This year we asked this question: Do Architects have a duty to anyone but their client?
[AJ WRITING PRIZE] Introduction
I should start by stating my own position on the question and why the team at Berman Guedes Stretton Architects thinks the question merits consideration. Building is an act that, self-evidently, has physical and environmental impact, but it also has significant social and political impact. Albert Speer and similar propagandists have long appreciated that buildings can control the human spirit - but also, as Aldo van Eyck put it optimistically and so succinctly: ‘Architecture can assist man’s homecoming.’
Every act of design should be made in the knowledge of this fact - and, hopefully, aim to achieve van Eyck’s vision. But, in the daily struggle to survive as an architect and to build, the duty that architects owe to the wellbeing of their public is all too easily forgotten. While almost all of the 82 submissions accepted that architects do indeed have duties beyond their client, few discussed this wider constituency: most focused on the client-architect relationship.
Each of the four judges came to the meeting with their own shortlist of possible winners and, interestingly, we had all independently applied similar criteria in making our selections.

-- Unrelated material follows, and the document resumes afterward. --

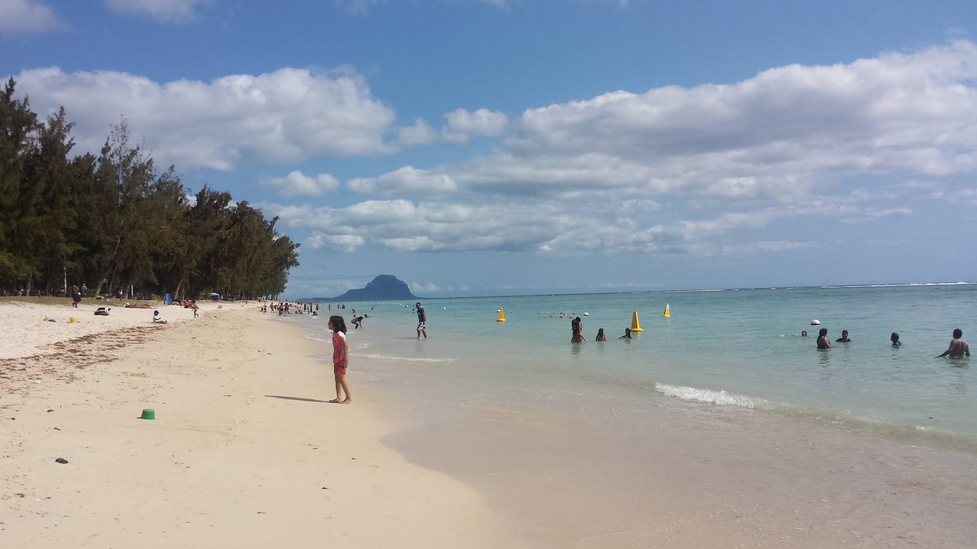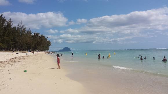 der öffentliche Strand Flic en Flac am Sonntag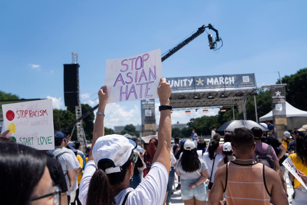2022年6月25日,美國亞裔人士在首都華盛頓的國家廣場舉行集會,呼吁停止針對亞裔的仇恨及暴力犯罪行為。新華社記者劉杰攝

This made agreeing a long list of 16 essays quite easy. We had all decided that an essential initial criterion was whether, after reading the first few sentences, a piece contained sufficient interest to make us want to read further, and so we had all rejected the many essays that read like answers to an exam question on the RIBA Code of Conduct, or which plodded through a definition of terms. We had also rejected pieces that used poor language: what we were seeking in addition to engaging content and interesting ideas was their expression in fluent, clear and descriptive language. A number of pieces were well written and had an interesting focus on the work of one architect, but none of these managed to move the discussion from the particular to the general and thereby illuminate the conundrum that the question poses.
By applying these criteria more rigorously to the long list in a second round of readings, a small number of potential winners was identified. At this point our meeting became more lively: one of the judges announced he would resign if we others proposed as a possible winner any piece that took the position which he found unacceptable in many of the essays: the idea that the client is the enemy. Many of the submissions took it as axiomatic that clients and architects will be in opposition - the architect as holder of the moral high ground doing battle with a Mr Bad Guy whose interest is narrowly limited to financial gain.
This idea is clearly nonsensical: throughout history the best buildings have had their genesis in a coincidence of aspiration between architect and client. It was sad, therefore, to read so many pieces which framed the architect’s task as a battle with the client, although a few did adopt the valid position that the architect has a duty to educate his or her client to expect more than they may have initially required. In light of the prevalence of this attitude, it was easy to warm to an entry that was positive about the client-architect relationship: this described an interesting example of how a priest and his architect worked with one vision for the wider community. This piece engaged our interest from the start; it is clearly and eloquently written, and manages to move from the specific and unusual instance described to illuminate the general issues about an architect’s wider duties.
Alan Berman is co-director of Berman Guedes Stretton and the author of several books on design and sustainability
The winning entry was very well constructed and combined readability and good journalism that made you want to read more. There were some very well made points which other pieces touched on, but which this piece discussed in a very concise way. The winner was also constructive about the potential of the collaboration between the client and the architect. I got the impression this was something he had actually seen and experienced.
Everybody raised in their essays issues of community, sustainability, longevity, the fact that everybody has a duty to the urban context. All of those things are correct. There was a slight arrogance in the idea that only the architect is capable of understanding and delivering those aspects and that’s worrying. I like the message of the winner’s entry - an architect pulling people away from where they thought they were going and getting the trust of community, planners, everybody who goes along with it.
What strikes me about the winner and the runner-up is that they are both written in the first person, and they are both about an experience. One is very much a narrative, involving arguments with other architects; the other is a short account of a meeting with a client. But they are both about an experience, and this is what makes them winners.